The camp disbanded a few months after its creation, and it has not been associated with any terrorist attacks. Prosecutors across the United States nevertheless have pursued its leaders ever since their indictments by a grand jury in 2004.

A year before that indictment, the camp's founder, James Ujaama, pleaded guilty to violating U.S. sanctions by trying to support the Taliban through the training camp. Ujaama had previously been an esteemed writer and entrepreneur in Seattle, and the admission turned him into a key informant in subsequent terrorism prosecutions.

Aswat's Swedish co-defendant, Oussama Kassir, has been serving a life sentence after his conviction five years ago by an Oregon jury.

London's reputed "hate cleric" Abu Hamza received his life sentence for this and other conspiracies last year.

Ujaama had testified that Hamza sent Aswat and Kassir to create the camp.

The last of the alleged participants, Aswat lost an extradition battle late last year at the European Court of Human Rights, where he unsuccessfully argued that his schizophrenia diagnosis should bar his U.S. prosecution.

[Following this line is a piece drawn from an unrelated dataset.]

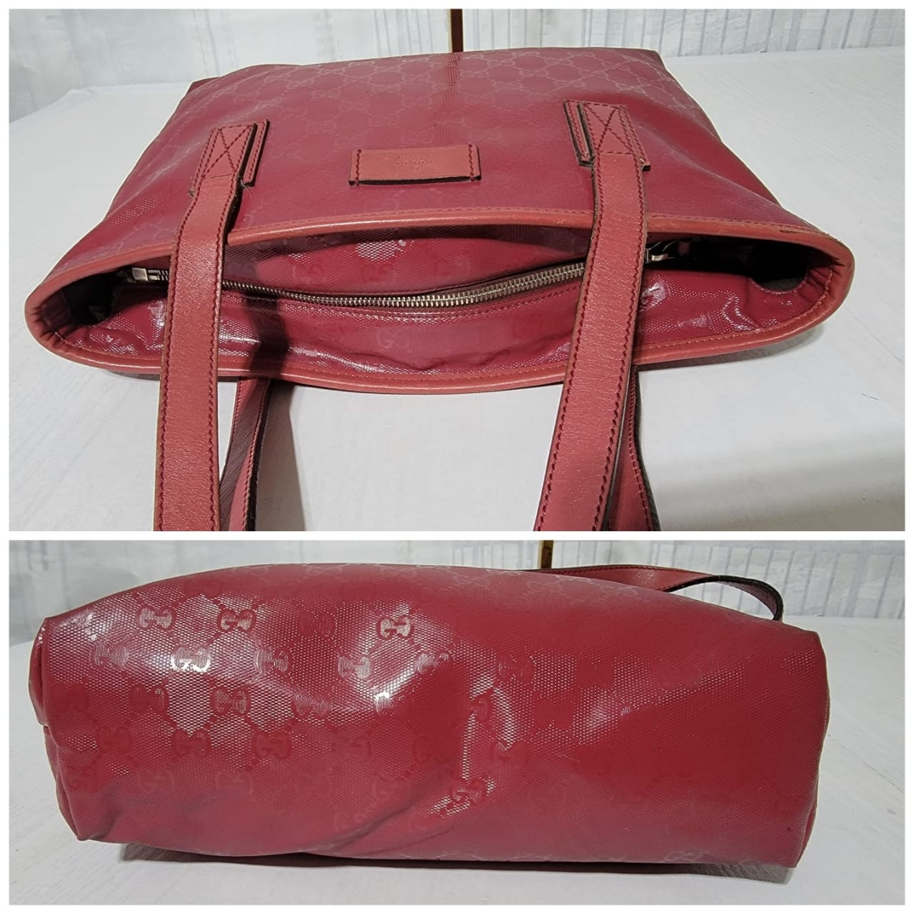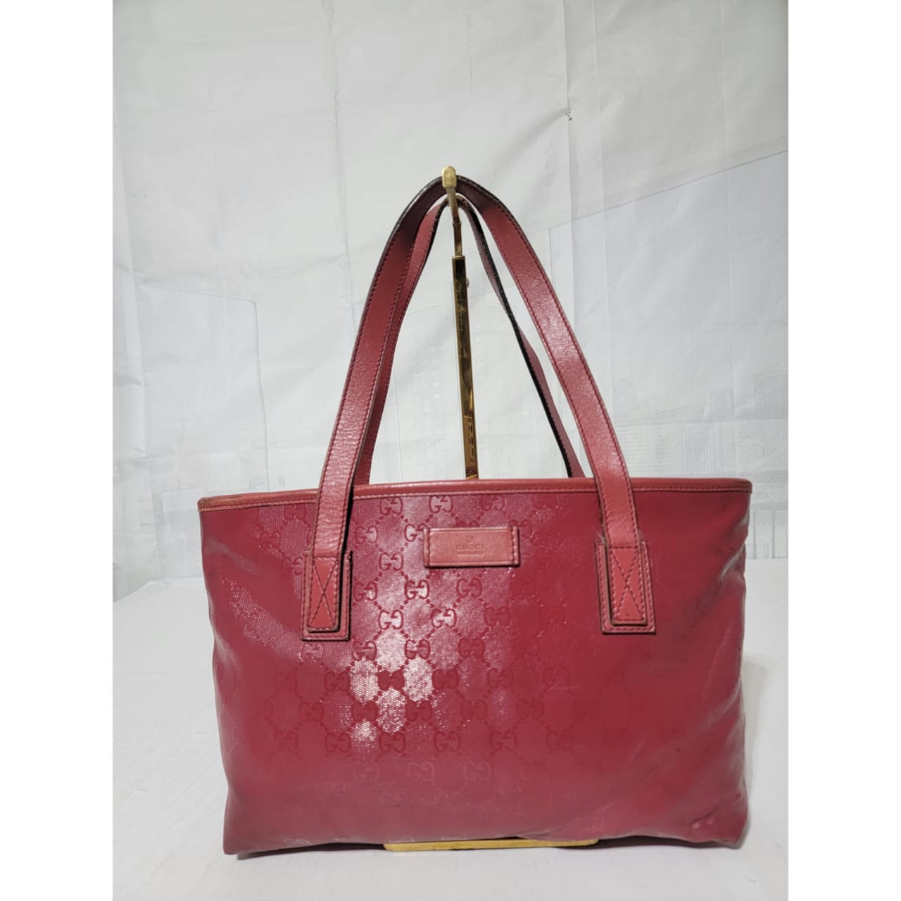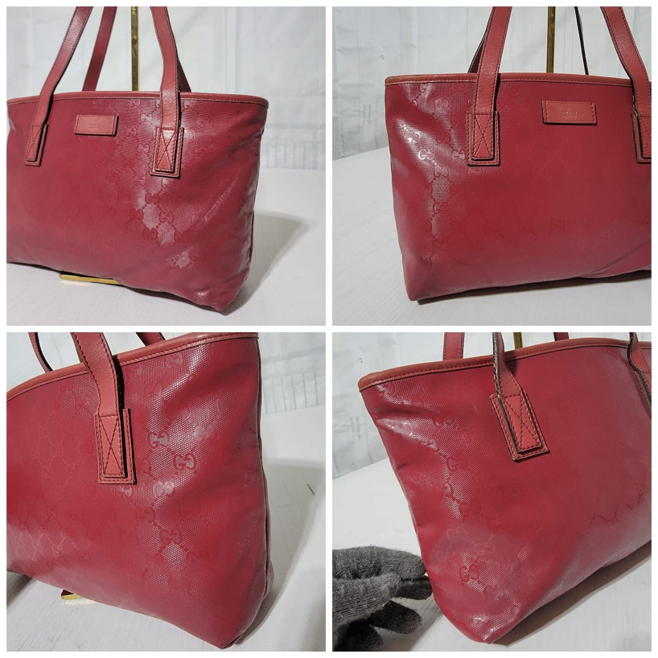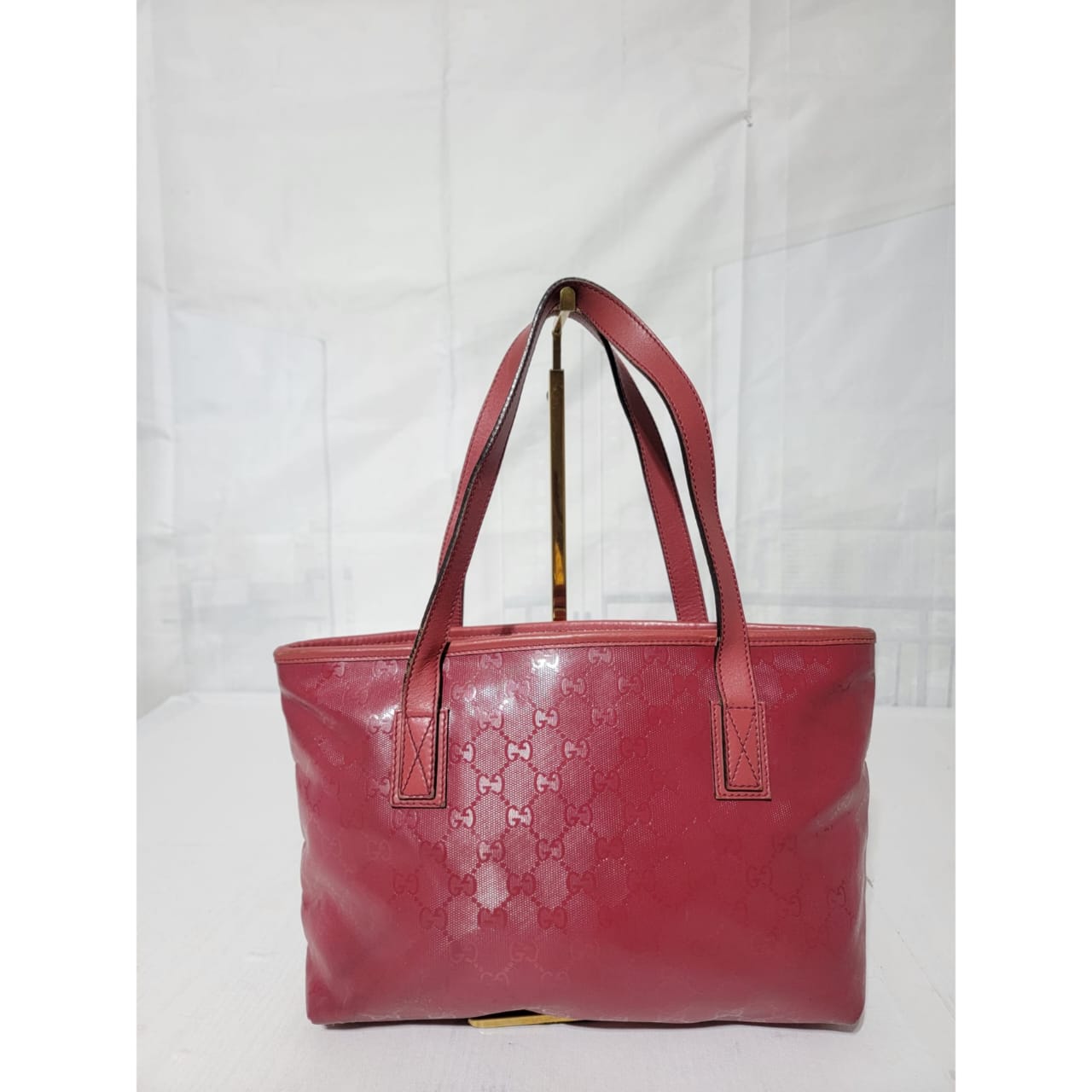 This authentic GUCCI Imprime Monogram Small Joy Tote Bag Rose Blush is in it’s pre-owned condition. The exterior is clean. Interior is clean. The leather trim that runs on the handle of the bag and the top trim shows some scratches. The base edges shows some scuffing (Kindly look at pictures above).

Neither of the parties specified Tuesday what the terms of any deal may be.

Adel Abdel Bary, another Brit prosecuted for terrorism charges in New York, recently copped to a plea deal in an unrelated case that allowed for the time he spent fighting extradition to count as time served, under a treaty between the two governments.

The terms of that deal could reduce what would have been a 25-year sentence for Bary to an eight-year one.

Aswat faces a maximum 35-year sentence if convicted on all of the four charges against him.

The parties are expected to report to U.S. District Judge Katherine Forrest before the end of the month.